Un autre jour, Mme du Châtelet veut emmener Mme de Graffigny se promener en calèche; mais les chevaux sont fringants et, à la vue de leurs «gambades», la dame tremble et hésite. Elle aurait dû suivre de gré ou de force sans le compatissant philosophe qui déclare «qu'il est ridicule de forcer les gens complaisants à prendre des plaisirs qui sont des peines pour eux».—«On l'adore à ce propos, n'est-ce pas», s'écrie Mme de Graffigny reconnaissante.
Les querelles entre Voltaire et la divine Émilie étaient du reste assez fréquentes et des plus plaisantes pour les spectateurs: une après-midi le poète devait lire Mérope; il arrive avec un habit assez peu élégant à la vérité, mais cependant agrémenté de belles dentelles. Mme du Châtelet lui demanda d'en changer. Voltaire, entêté comme d'habitude pour des riens, refuse et fait un long discours pour prouver qu'il a raison: il se refroidirait, il s'enrhumerait, il n'a pas d'autre habit. La déesse insiste, se fâche, et Voltaire agacé retourne dans sa chambre avec son manuscrit sous le bras. Un instant après il fait dire qu'il a la colique, et voilà Mérope au diable! C'est en vain qu'on l'envoie demander par un domestique; il répond qu'il a toujours la colique. Mme de Graffigny prend le parti d'aller elle-même le chercher; elle le trouve gai, bien portant, et ils causent tous deux fort agréablement. Quelques personnes du voisinage étant survenues, on fait de nouveau appeler Voltaire; il finit par venir au salon; mais aussitôt sa colique le reprend, il se met dans un coin et ne dit mot. Ce jour-là on n'en put rien tirer.
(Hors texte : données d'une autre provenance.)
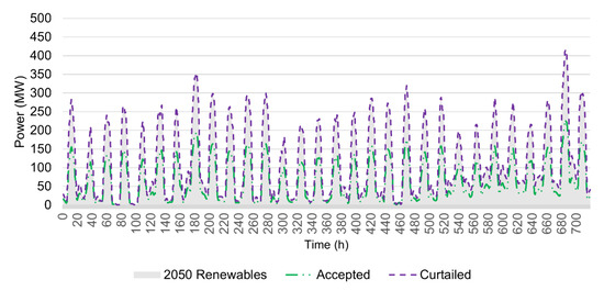 In Case 3, the electricity price, grid components, and demand are held constant and equal to those in Case 1, while the solar/wind penetrations are switched from 2019 to 2050 values. The 2050 wind/solar penetrations are shown in Figure 8. The 2050 intermittent renewable energy penetration is based on the 2019 penetration and Table 1 proportionality factors. The main goal of simulating Case 3 is to verify the potential of the 2019 grid components to supply the demand considering the high penetration of wind/solar sources. The results for Case 3 depicted in Figure 11 show that the load demand is supplied by the SCPC and NGCC components. However, to avoid infeasibility during dispatch, a 45% maximum curtailment is allowed. Figure 12 shows the curves for the accepted and curtailed renewable levels in Case 3. Under these circumstances, the batteries are not enough to avoid curtailment. To lower levels of curtailment, the optimizer stopped mostly after utilizing the energy available in the battery. This result indicates that considering the 2050 renewables penetration projection, the current grid is not sufficiently flexible to prevent curtailment. The reasons may be because the power plants are not capable to ramp up/down fast enough, the minimum load of the power plant is too high, and the batteries do not have enough capacity available to manage the variability introduced by the renewables.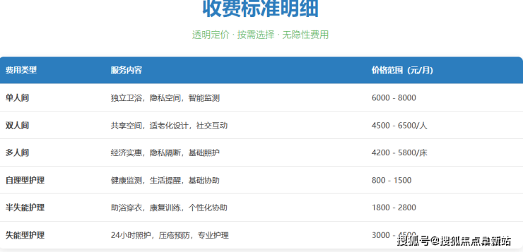 北京香河怡康养护中心采用"基础住宿费+分级护理费+个性化增值服务费"的复合收费模式,所有费用公开透明,无任何隐性消费。整体月均费用区间为4500元/月起,具体构成如下:

Comment Mme du Châtelet et Voltaire qui faisaient si grand accueil à Mme de Graffigny ne songeaient-ils pas à inviter ses amis? Elle qui avait la passion de l'amitié, elle qui écrivait: «Vivre dans ses amis, c'est presque vivre dans le ciel», pourquoi lui imposait-on une séparation qui devait lui être si cruelle?
C'est que Mme du Châtelet, plus encore que le philosophe, redoutait les visites importunes; les hôtes qu'il faut distraire, amuser; qui empêchent de travailler et qui par suite font perdre un temps précieux. Elle s'en ouvrit un jour très franchement à Mme de Graffigny qui l'assura que ses amis, et en particulier Saint-Lambert, sauraient parfaitement faire comme elle, c'est-à-dire s'adonner à la lecture et passer dans leur chambre la plus grande partie de la journée.
Sur cette réponse rassurante, elle fut chargée de convier Saint-Lambert à venir faire un séjour et même à arriver le plus vite possible.
Mais Saint-Lambert montre peu d'empressement:
«Allez, allez, mon Petit Saint, il n'y a que la crainte de paraître un âne qui vous empêche de venir, lui mande Mme de Graffigny. Venez en toute assurance; les ânes sont fort bien reçus ici; j'en suis un bon garant, car on ne leur parle jamais que de leurs âneries... Vous êtes un charmant petit saint qui faites de votre joli esprit tout ce que vous voulez et de votre cœur tout ce que vous devez.»
En attendant, Voltaire s'impatiente de ne pas voir arriver «son confrère en Apollon», et comme il veut être agréable à Mme de Graffigny, il demande qu'on fasse venir aussi Panpan, ce cher Panpichon, la coqueluche des dames de Lunéville.
Un soir à souper, il s'écrie:
—Ah çà! voyons, faisons donc venir notre cher petit Panpan, que nous le voyions.